There are three requirements for registration of title, (1) that the subject property is alienable and
disposable; (2) that the applicants and their predecessor-in-interest have been in open, continuous,
and exclusive possession and occupation, and; (3) that the possession is under a bona fide claim of
ownership since June 12, 1945.There must be a positive act of the government through a statute or
proclamation stating the intention of the State to abdicate its exclusive prerogative over the property,
thus, declaring the land as alienable and disposable. However, if there has been none, it is presumed
that the government is still reserving the right to utilize the property and the possession of the land no
matter how long would not ripen into ownership through acquisitive prescription. To follow the

Solicitor Generals argument in the construction of Section 14 (1)would render the paragraph 1 of the
said provision inoperative for it would mean that all lands of public domain which were not declared
as alienable and disposable before June 12, 1945 would not be susceptible to original registration, no
matter the length of unchallenged possession by the occupant. In effect, it precludes the government
from enforcing the said provision as it decides to reclassify lands as alienable anddisposable.The land
in question was found to be cocal in nature, it having been planted with coconut trees now over fifty
years old. The inherent nature of the land but confirms its certification in 1980 as alienable, hence
agricultural. There is no impediment to the application of Section 14 (1) of the Property Registration
Decree. Naguit had the right to apply for registration owing to the continuous possession by her
and her predecessors-in-interest of the land since 1945.
Business Organization Corporation Law Corporations are not Filipino Citizens
Registration of Public Lands
In 1978, Iglesia ni Cristo (INC) purchased a parcel of land from one Carmen Racimo in Ilocos Norte.
In 1979, INC sought to register said land under its name pursuant to Section 48 (b) of the Public
Land Law. The Director of Lands opposed the application as it averred that the said parcel of land is
part of the alienable public land; that INC cannot register said land because it is not a Filipino citizen.

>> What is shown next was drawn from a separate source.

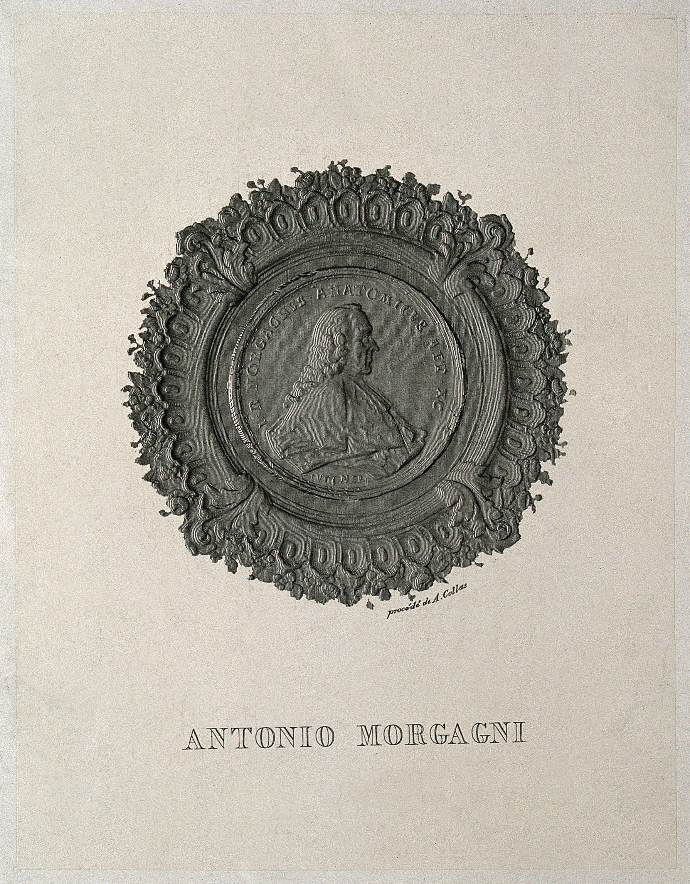 Portrait of Giovanni Battista Morgagni [1682 - 1771], Italian anatomist Iconographic Collections Keywords: portrait prints; engravings; Giovanni Battista Morgagni; Achille Collas

INC argues that it is a private land because Racimo, its predecessor-in-interest has been in possession
thereof for more than 30 years; that the Constitutional prohibition does not apply to INC, a
corporation sole (solely incorporated by one man, Erao Manalo, a Filipino citizen), hence it can
acquire said property.
ISSUE: Whether or not INC can register said parcel of land under its name.
HELD: No.
The disputed land has never lost its public character. Racimo, though occupying said land for more
than 30 years, never applied for confirmation of incomplete or imperfect title over said land. Under
the law, all lands that were not acquired from the Government either by purchase or by grant, belong
to the public domain. As exception to the rule would be any land that should have been in the
possession of an occupant and of his predecessors-in-interest since time immemorial, for such
possession would justify the presumption that the land had never been part of the public domain or
that it had been a private property even before the Spanish conquest.
Section 48 (b) of the Public Land Law allows the registration of alienable public lands but only by
Filipino citizens. INC is not a Filipino citizen. There is no basis on the contention that as a
corporation sole, INC is not prohibited from holding said land. The benefit only applies to Filipino
citizens not to a corporation sole which has citizenship.
NOTE: 60% rule: Corporations and Partnerships of which at least 60% of their capital belong to
Filipinos may acquire real property.